The 5T were extremely violent, attacking their foes in a pack with guns and machetes. Witnesses – in the case of one murder, 200 people –refused to talk with police. By the end of 1994 the 5T had destroyed or assimilated all other gangs and ran the streets of Cabramatta. They were rarely arrested.

Tri’s career as leader lasted seven years. In 1994 he was approached by strong man Phuong Ngo, who was looking for someone to kill the local Labor state MP, John Newman, who had defeated Ngo in the last election. Tri refused on the grounds the proposed hit was too dangerous. Ngo found someone else to do the job, and in September Newman was shot dead outside his home. At a bail application before Ngo’s first trial for organising the murder, almost 300 local Vietnamese delivered a petition to the court requesting that bail not be granted because Ngo was a danger to the community. In their book Smack Express, Clive Small and Tom Gilling note, “So far as it is known, this is the only occasion such a petition has been presented to a court in New South Wales.”

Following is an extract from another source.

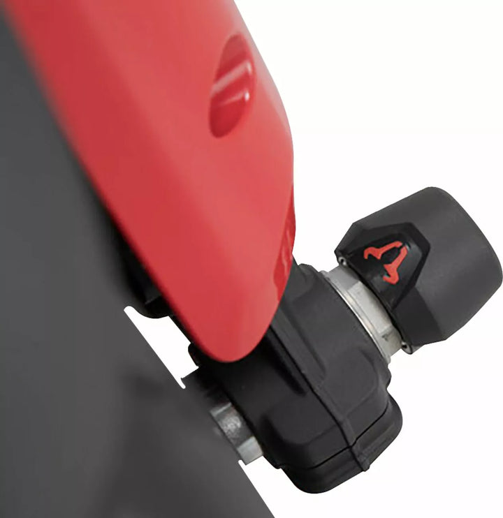 Robust kerne lavet af glasfiberforstærket plast (PA6 GF30), diskret skyderpude lavet af slidbestandigt polyamid, gode glidende egenskaber og nødoperationsfunktioner, let montering med akseltråd og cykelspecifikke afstandsstykker, belægning, matte sort overflade med poleret tyrlogo i rød, beskyttelse til gaffel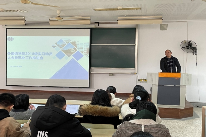 为进一步做好我院2018级学生实习工作,引导学生做好实习前的各项准备,同时推进2022届就业工作的顺利开展,12月28日上午在二教2D108召开2018级实习动员大会暨就业工作推进会,学院党委副书记刘伯贤、副院长顾琦一、英语系副主任杨昊、日语系副主任管纪龙、本科教务王琰玲以及年级辅导员苗文建参加会议。

In 1995 Tri was shot dead by one or more 5T members after a dispute that had seen him break the legs of a lieutenant. He was 20.

Vietnamese gang activity continued to flourish, the police reaction hampered by corruption, incompetence, a loss of morale due to the police royal commission, and later a lack of resources during the Sydney Olympics. In the end, Strike Force Portville and its successor Scottsville, in an operation lasting two and half years, destroyed the gangs. At the end of 2001 they were gone from Cabramatta, after a reign that had lasted some 15 years. In that period the teenage gangs had killed more than 60 people.


MAIN SOURCES: articles in Sydney Morning Herald by Philip Cornford; Smack Express by Clive Small and Tom Gilling.